A casa vi era possibile contenere il contagio?
No, infatti mia madre ha contagiato mio padre Marino di 84 anni che tra l’altro ha una bronchite cronica ostruttiva di quarto stadio e nessuno lo ha mai visitato. Io che abito nell’appartamento di sopra ho preferito proteggere il mio compagno e mio figlio trasferendomi dai miei genitori.
Quando è morta sua mamma?
Giovedì 26 marzo. So che ha continuato per altre cinque volte a fare la dialisi. L’ho sentita al cellulare fino a mercoledì 18 marzo ma riusciva a parlare solo pochi secondi. Era devastata anche perché le hanno messo l’ossigeno ma mi hanno detto che non l’avrebbero intubata.
Perché?
La sua condizione di dializzata non lo consentiva e poi di posti letto non ce n’erano più.
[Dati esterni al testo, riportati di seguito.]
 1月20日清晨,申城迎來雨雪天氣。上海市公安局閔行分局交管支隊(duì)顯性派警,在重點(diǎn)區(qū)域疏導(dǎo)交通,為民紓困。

Alla fine si è spenta con la morfina, ma per resistere 17 giorni mia madre aveva una fibra forte e forse se avesse avuto cure immediate sarebbe ancora con noi.
È rimasta in contatto con altri dializzati?
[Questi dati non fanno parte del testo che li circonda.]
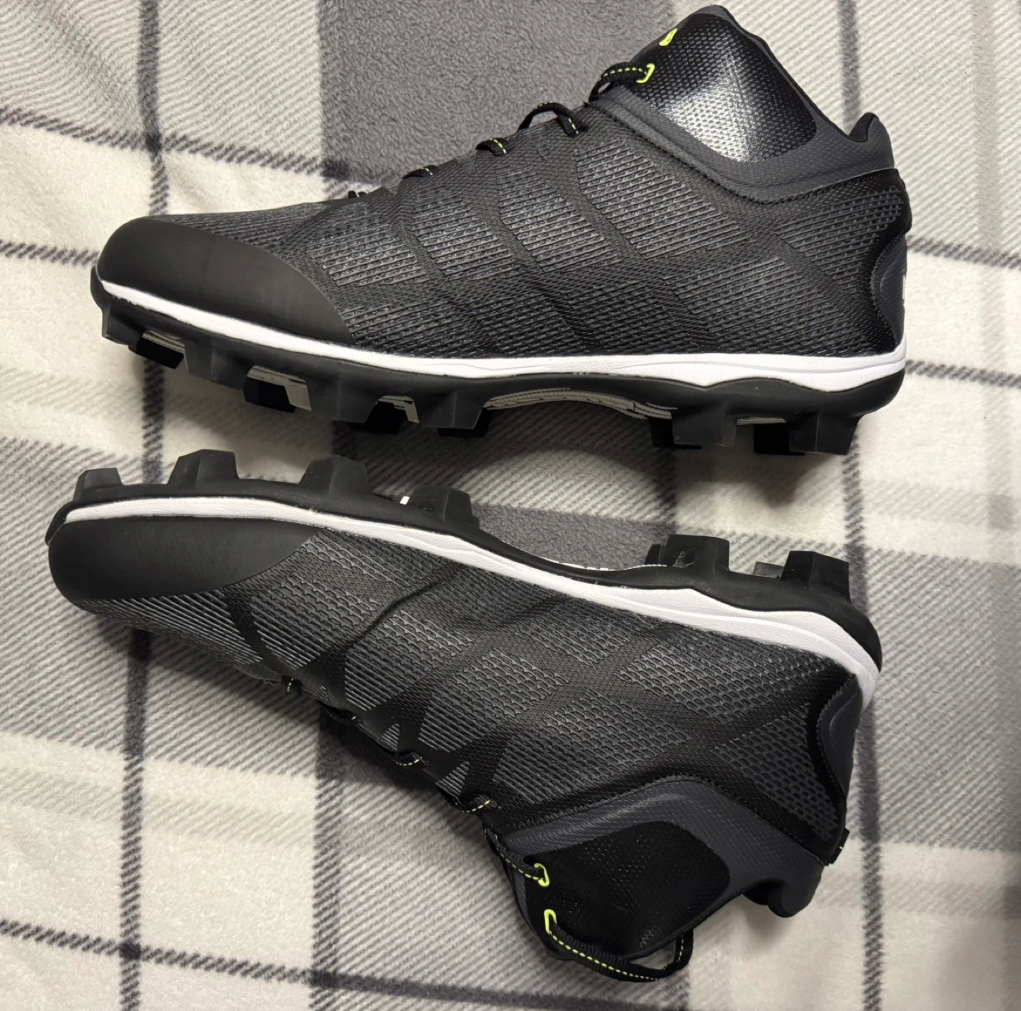 600New black and grey football cleats. Adult size 13. Lace-up closure. Durable rubber sole.

Sì, in particolare con la moglie di un signore del turno di mia mamma che mi ha detto che il marito è morto due ore dopo mia madre. Ed anche lui prendeva il pulmino.
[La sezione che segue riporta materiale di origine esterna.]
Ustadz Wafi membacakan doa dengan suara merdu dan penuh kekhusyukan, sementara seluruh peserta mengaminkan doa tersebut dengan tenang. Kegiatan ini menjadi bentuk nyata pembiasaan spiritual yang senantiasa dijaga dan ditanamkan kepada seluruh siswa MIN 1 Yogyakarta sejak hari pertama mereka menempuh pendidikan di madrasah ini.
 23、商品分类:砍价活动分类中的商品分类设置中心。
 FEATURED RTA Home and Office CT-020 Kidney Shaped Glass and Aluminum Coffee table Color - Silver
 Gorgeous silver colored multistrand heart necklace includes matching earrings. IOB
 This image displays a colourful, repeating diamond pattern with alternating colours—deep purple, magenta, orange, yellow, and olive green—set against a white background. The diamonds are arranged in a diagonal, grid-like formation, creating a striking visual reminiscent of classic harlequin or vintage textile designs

Vuole aggiungere qualcosa?
Vorrei ringraziare il personale sanitario del reparto dialisi che è stato sempre squisito in questi quasi due anni di assistenza a mia madre. Immagino che il reparto non sappia granché sul trasporto dei pulmini ma credo che a qualcuno competa questa responsabilità: può sembrare una questione secondaria ma nel nostro e in altri casi è stata fatale. Ora vorrei che la mia testimonianza servisse per non ripetere più errori simili.
Altri dializzati in quarantena
Tra le varie segnalazioni abbiamo raccolto quella di una famiglia di cui per rispetto alla privacy non citiamo il nome.
«Da novembre 2019 mia mamma ha iniziato la dialisi e abbiamo trovato un reparto splendido umanamente e professionalmente. A seguito di un doppio intervento è stata dimessa dal S. Salvatore di Pesaro il 26 febbraio, proprio quando a Pesaro arrivavano i primi pazienti Covid. Noi abbiamo avuto la fortuna di non aver mai usato i pulmini perché essendo tre figli riusciamo ad alternarci bene. Sabato 29 febbraio nostra mamma ha fatto la dialisi e venerdì 6 marzo ci hanno chiamato da Fano per avvertirci che in quella data nella sua stanza era presente un paziente Covid, che nei giorni seguenti mia madre non ha mai più rivisto. Da quel momento in poi abbiamo visto cambiare molte cose in ospedale. Mia madre ha fatto la dialisi da sola per un po’ di giorni, poi hanno iniziato a distanziare i lettini rispetto al consueto mezzo metro uno dall’altro. Se prima in sala c’erano sei lettini ora ce ne sono tre. È stata poi istituita una zona filtro e prima di entrare qui viene misurata la temperatura, anche se purtroppo il primo giorno di apertura, in questa sala d’attesa, era presente un paziente con 38 di febbre. Oggi la sensazione è che ci sia la massima attenzione e protezione verso i pazienti in dialisi che arrivano in orari scaglionati per evitare concentrazione di gente».